Kleine fabrieken werden privébezit. De handel kwam weer op gang en er was weer
voldoende voedsel in de stad.
Omdat rusland een veelvolkerenstaat was, was het moeilijk door het onafhankelijke gevoel
van iedere nationalist, de baas te blijven en het land bijeen te houden. Nieuwe naam werd
de Unie van Socialistische Sovjet-republieken. Zo gaven de bolsjewieken ook aan dat
iedereen op de wereld zich kon aansluiten bij deze Unie. Lenin voerde de dictatuur in. Toen
Lenin stierf bracht er een strijd om de macht los tussen Trotski en Stalin. Trotski was voor
een wereld revolutie, Stalin wilde eerst communisme in Rusland (sovjet-unie) verder
opbouwen. Uiteindelijk won Stalin.
3.5 Lenin en Stalin
Met propaganda probeerde Lenin tegenstanders af te schrikken. Stalin ging verder met het
versterken en moderniseren van zijn land. Stalin ontwikkelde een vijfjarenplan, waarin de
productie in landbouw en industrie werden voorgeschreven. De kleine boerderijen werden
in grote landbouwbedrijven – Kolchozen – samengebracht. Daar mochten boeren hun eigen
stukje land bebouwen. Er werden ook nieuwe landbouwbedrijven opgericht de sovchozen,
staatsbedrijven, waar boeren in loondienst werkten. Deze collectivisatie moest de agrarische
productie moderniseren en vergroten. De industrie voorzag de boeren van machines,
waardoor er meer productie kwam, goed voor de economie. Met de vijfjarenplannen
stimuleerde Stalin vooral de industrie, die hij als basis zag van de sovjet-unie. Er werden
talloze fabrieken gebouw. De infrastructuur werd sterk verbeterd en door mechanisatie en
collectivisatie werden overtollige boeren de industrie in gedirigeerd.

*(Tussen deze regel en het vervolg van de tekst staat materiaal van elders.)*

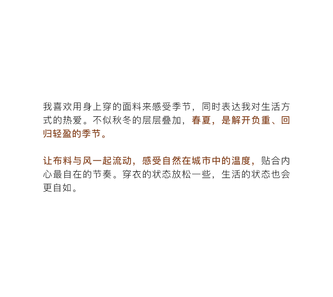 摘要:亚麻,松弛感自然而生。 \x0d\x0a我喜欢用身上穿的面料来感受季节,同时表达我对生活方式的热爱。 \x0d\x0a不似秋冬的层层叠加,春夏,是解开负重、回归轻盈的季节。
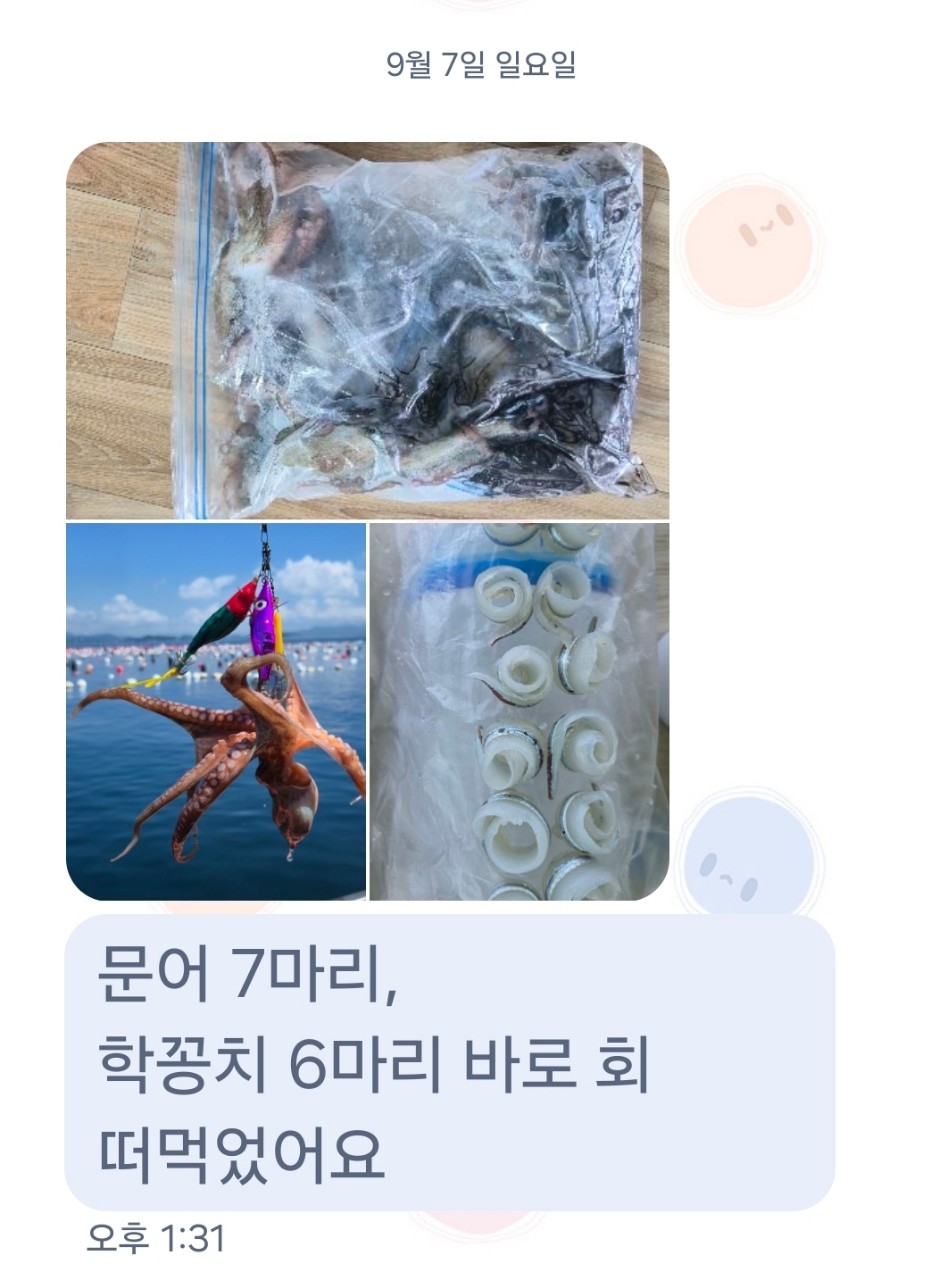 9월 7일 일요일 주간 문어와 학꽁치, 고등어2025년 9월 7일 일요일 주간
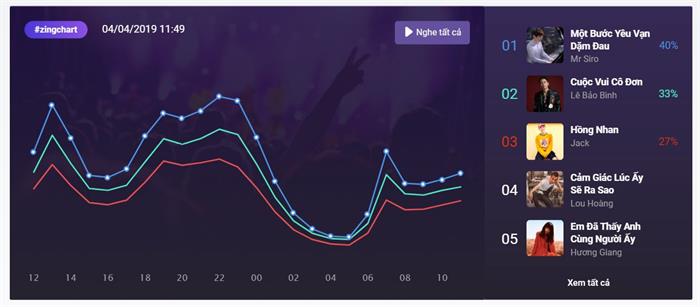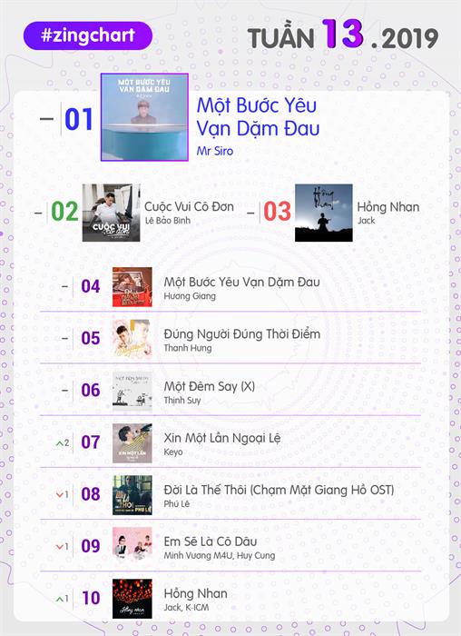 Một bước yêu vạn dặm đau của Mr Siro có tuần thứ 2 thống lĩnh BXH nhạc Việt. Phiên bản remix của Hồng nhan thực hiện bởi K-ICM chốt hạ top 10 #zingchart tuần này. Jack trở thành nghệ sĩ thứ hai, sau Will (365), sở hữu ca khúc có 2 phiên bản cùng có mặt trong top 10 nhạc Việt. Trước đó, Tận cùng nỗi nhớ của Will từng lập được thành tích này.
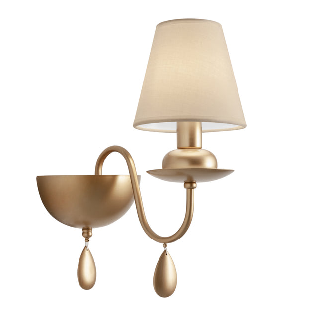 Aplica pentru interior, structura din metal finisat bronz, abajur textil ivoar.
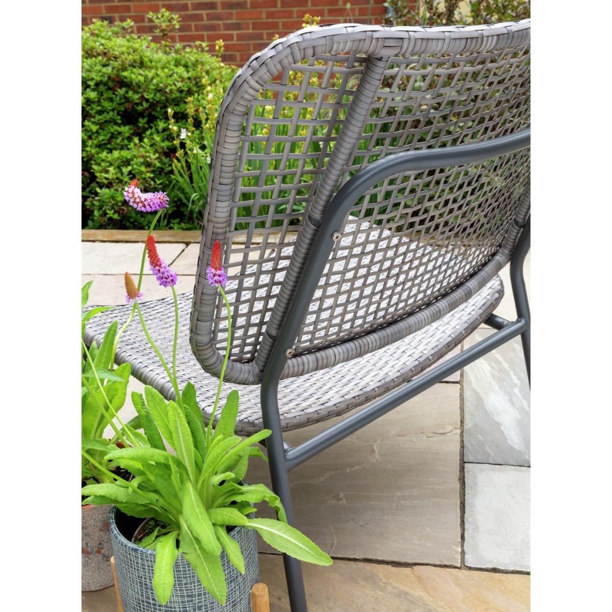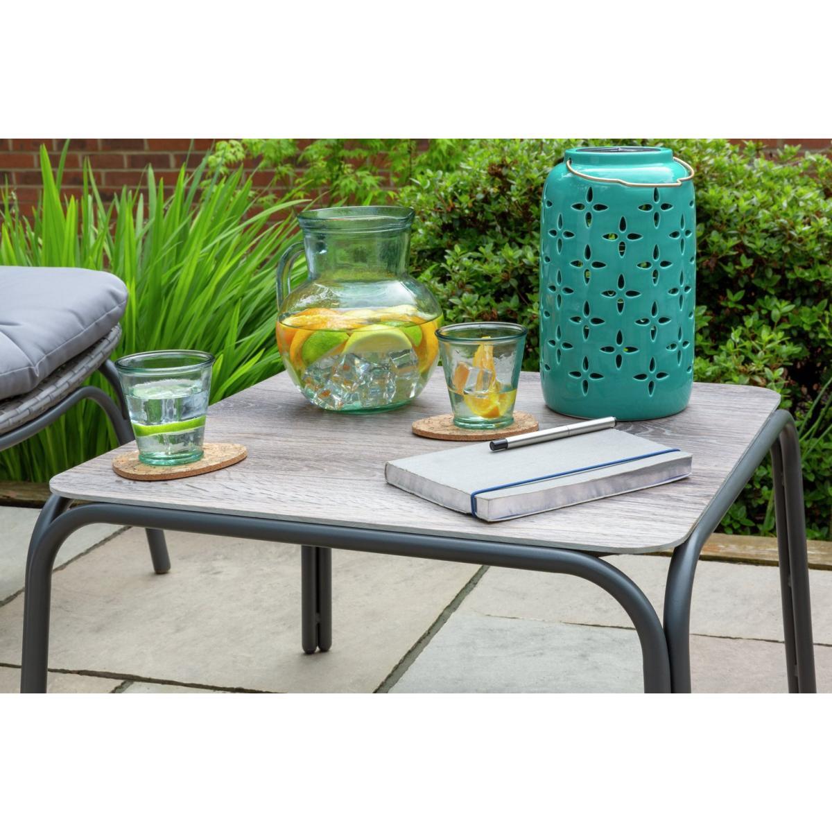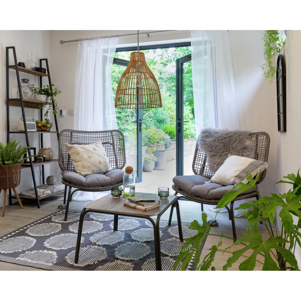 Kick back and relax with Nora. Our patio perfect garden bistro set has you set for summer. Pop drinks and nibbles on the top wood effect table. Sink into the 2 rattan carver chairs and enjoy the sun with a friend. Cool and contemporary, this stylish furniture trio brings a modern touch to your outside space. Invite someone over, catch up and unwind. Nora does the rest.
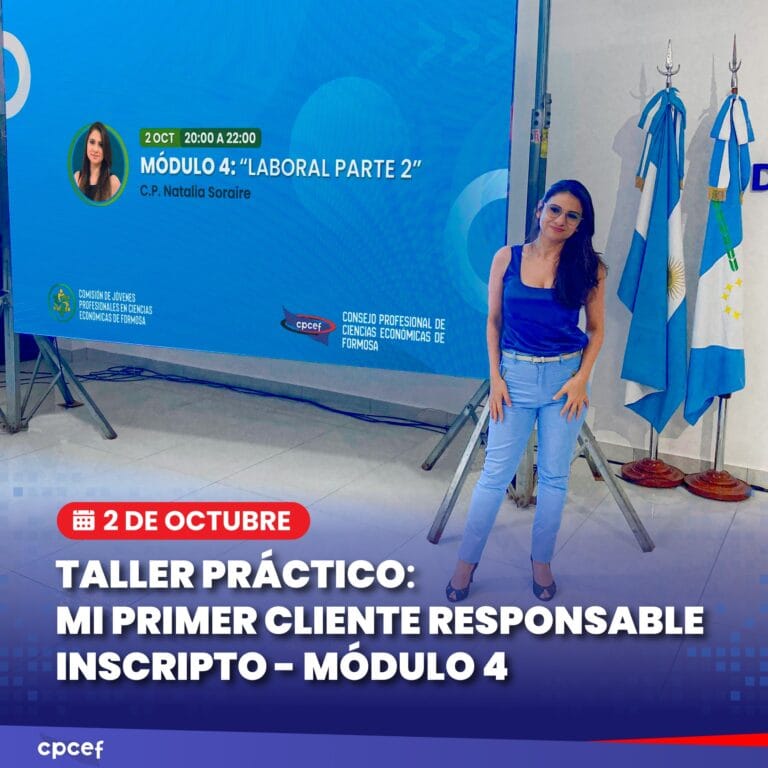 El pasado miércoles 2 de octubre se realizó el cierre del ciclo del Taller Práctico «Mi Primer Cliente Responsable Inscripto», organizado por la Comisión de Jóvenes Profesionales del Consejo Profesional de Ciencias Económicas de Formosa (CPCE Formosa). El taller, que constó de cuatro módulos, culminó con el Módulo 4: Laboral Parte 2, a cargo de la Cra. Natalia Soraire.

Als je tegen de collectivisatie was, liet Stalin gewoon hele regio’s verhongeren of werden
naar werkkampen gestuurd, die werden bestuurd door de Goelagarchipel. Miljoenen russen
vonden zo de dood. Stalin was bang voor medestanders die op zijn positie uit waren.
Daarom kwam er grote terreur als hij iemand niet vertrouwde. En door propaganda liet hij
mensen afschrikken zodat zij dat niet gaan doen. De sovjet-unie kreeg een totalitair systeem.